Nie żyje Mateusz Łazowski, zawodnik mieszanych sztuk walki. 35-latek zginął w wypadku, do którego doszło w Tatrach.
Reklama.
"Mateusz Łazowski, zawodnik Babilon MMA nie żyje. Trenował w górach do następnej walki. Przykra informacja dociera do nas. R.I.P" – napisał na Twitterze szef organizacji Babilon MMA Tomasz Babiloński.
Jak podaje TVN24 w oparciu o informacje TOPR, do śmiertelnego wypadku doszło w rejonie Galerii Cubryńskich, w drodze na Hińczową Przełęcz. Łazowski miał poruszać się poza szlakiem. Jego wypadek zauważyli taternicy znajdujący się na szczycie Mnicha. To oni zawiadomili centralę TOPR.
Na miejsce wyruszyła piesza wyprawa z rejonu Morskiego Oka.

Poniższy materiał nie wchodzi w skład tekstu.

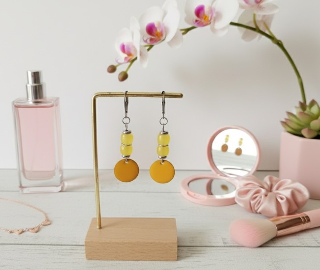 Kit boucles d'oreilles acier inoxydable et perles en verre moutarde
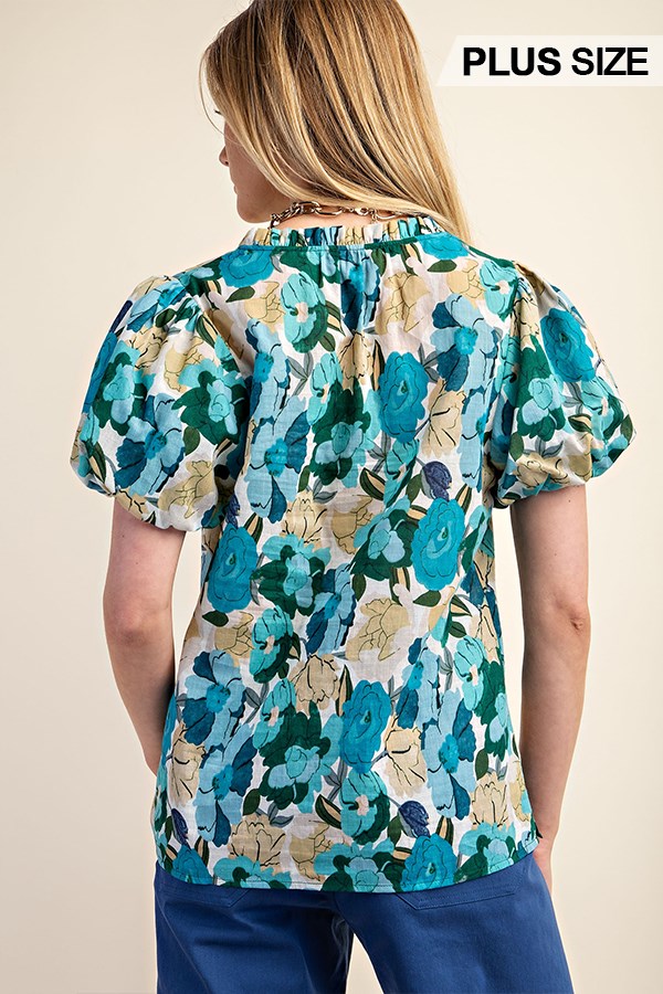Lightweight Floral Button Up Top with Ruffled Sleeves
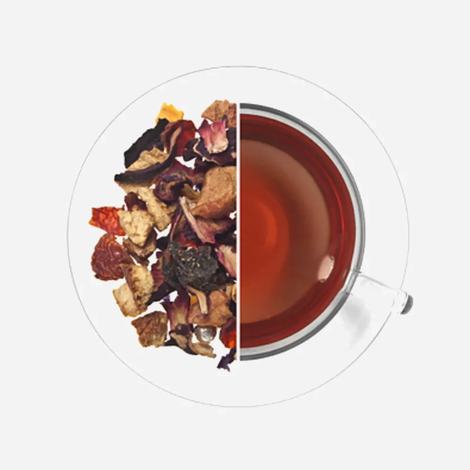 Ovocný čaj s ibištekom s čarovnou chuťou sladkého karamelu a zimného korenia.
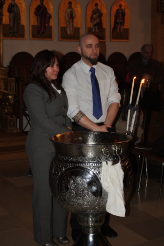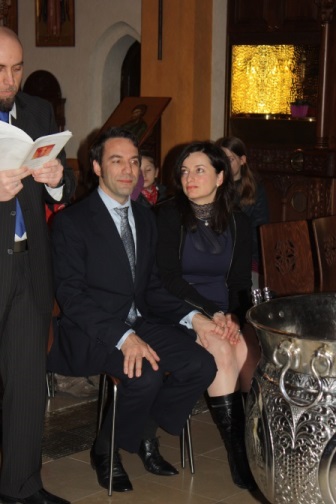 Wir Eltern warten, während die Beiden Taufpaten das Glaubensbekenntnis auf griechisch und englisch beten. |
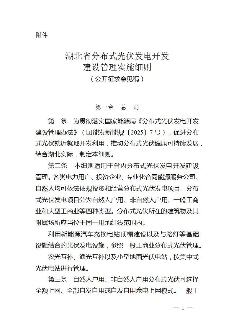附件:《湖北省分布式光伏發(fā)電開(kāi)發(fā)建設(shè)管理實(shí)施細(xì)則(公開(kāi)征求意見(jiàn)稿)》
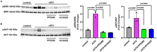 To investigate the mechanism(s) by which ATX might regulate vascular injury responses, we measured cell proliferation signaling markers for these events after exposure of VSMCs to recombinant active ATX. To identify whether the AKT–ERK signaling pathway is associated with the proliferation and migration of VSMCs induced by ATX, we measured the phosphorylation of these proteins through Western blotting. We found that VSMC exposure with recombinant active ATX (10 nmol/L) increased ERK activation, as measured by the ratio of phospho-ERK to total ERK at 2 h. Furthermore, we observed that the ERK activity induced by recombinant active ATX was significantly reduced by treatment with the ATX inhibitor (PF8380; p < 0.0001) or with the LPA receptor inhibitor (Ki16425; p < 0.0001) (Figure 4A). Similarly, we observed that phospho-AKT levels were significantly elevated compared to the control group when the VSMCs were exposed to recombinant active ATX (10 nmol/L) for 2 h. In addition, AKT activity induced by recombinant ATX was reduced by PF8380 and Ki16425 by ~50% (Figure 4B). These results indicate that the ATX-LPA axis mediates VSMC proliferation and migration through the AKT/ERK signaling pathway, causing vascular remodeling.
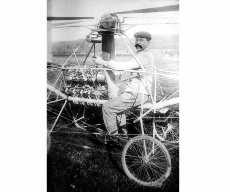 Paul Cornu in his experimental helicopter, achieving the first manned vertical take-off and sustained flight in 1907 (Design World)
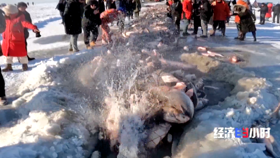 为了吸引游客,查干湖还推出私人订制捕鱼、冰下盲盒等新项目。100米长的挂网,游客组队拉拽,亲手捕鱼后,可以直接送进后厨做成铁锅炖。
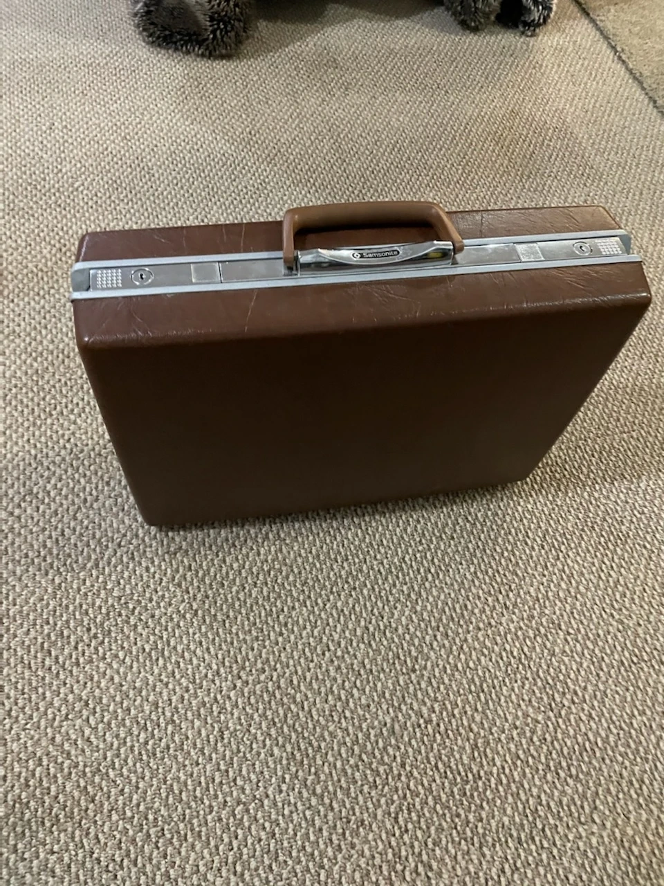 This is a vintage brown Samsonite locking briefcase WITH key. It has a classic design with a sturdy handle and silver-tone latches. A good option for carrying documents or essentials.
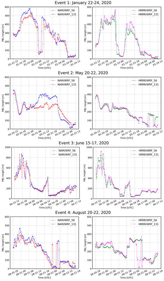 Time series of PBL height from the 600 m domain for the NAM/WRF and HRRR/WRF and two sets of vertical levels (56 and 131) at the ASIT lidar buoy location.
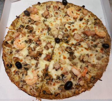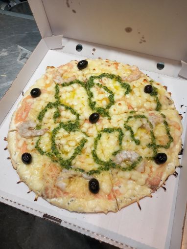 Sauce "rouille maison", fruits de mer frais (poulpe, anneaux et lamelles d'encornets, moules) cuits au court Bouillon au fumé de poisson, queues de gambas, emmental,mozzarella, olives.
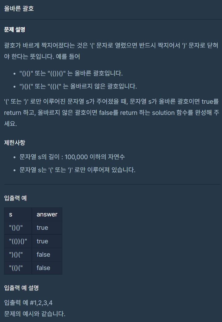 프로그래머스 올바른 괄호 문제 풀이 Java
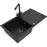 Mexen Leo zlewozmywak granitowy 1-komorowy z ociekaczem i baterią kuchenną Duero, czarny nakrapiany - 6501-76-671600-70-B
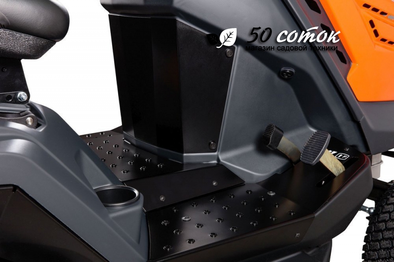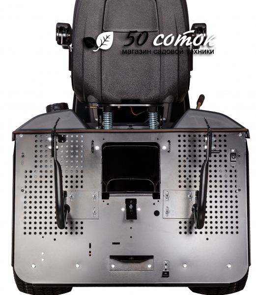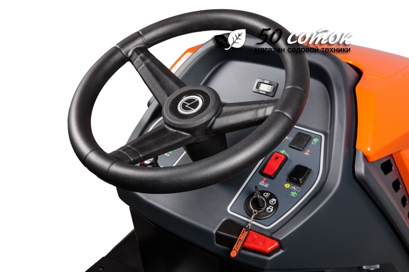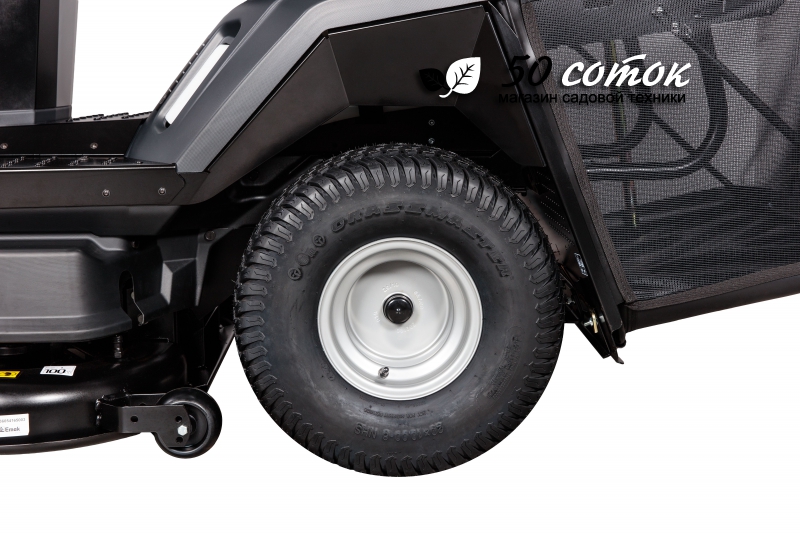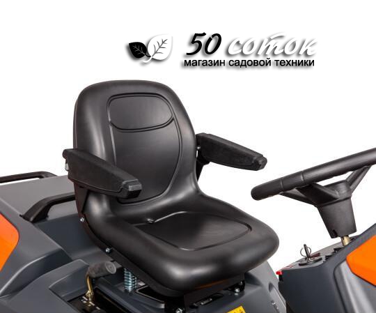 Ширина кошения 102 см позволяет обрабатывать большую площадь за один проход, а гидростатическая трансмиссия делает управление плавным и комфортным без рывков и ручного переключения передач. Высота стрижки регулируется в 7 положениях в диапазоне от 25 до 95 мм, поэтому райдер легко адаптируется под состояние газона и сезон.
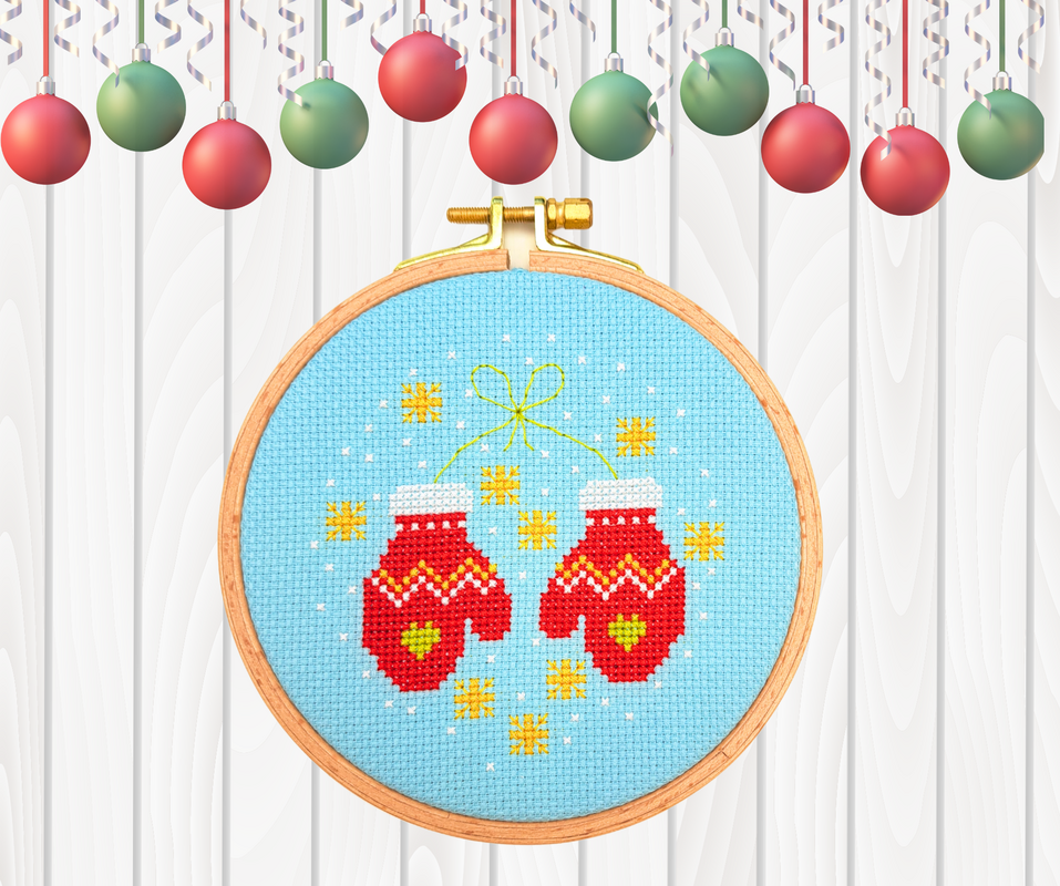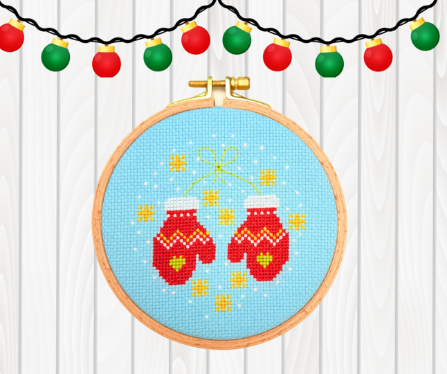 Ich habe die Handschuhe auf helltürkisen Aida von DMC ( 5,4 Stiche pro cm bzw 14ct ) gestickt.
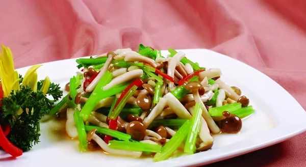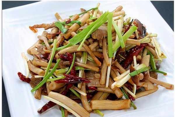 5.炒至茶树菇变软,加入盐和鸡精炒匀

Ciało mężczyzny zostało zniesione do Żlebu Mnichowego, a następnie przy pomocy wojskowego śmigłowca przetransportowane na dół.
Kim był Mateusz Łazowski?
Łazowski związany był z warszawskimi klubami Legia Fight Club, Uniq Fight Club i WCA Fight Team. Ostatni raz w klatce rywalizował 11 września w Żyrardowie podczas gali Babilon MMA 24. Przegrał wtedy z Patrykiem Dubielą.
Na śmierć Łazowskiego zareagowali inni sportowcy. "Za szybko Mati…za szybko" – napisał Łukasz "Juras" Jurkowski. "Ku*** MATI za szybko. Mateusz Łazowski, na zawsze w pamięci kumplu" – podkreślił z kolei Damian Janikowski, medalista olimpijski w zapasach i zawodnik organizacji KSW.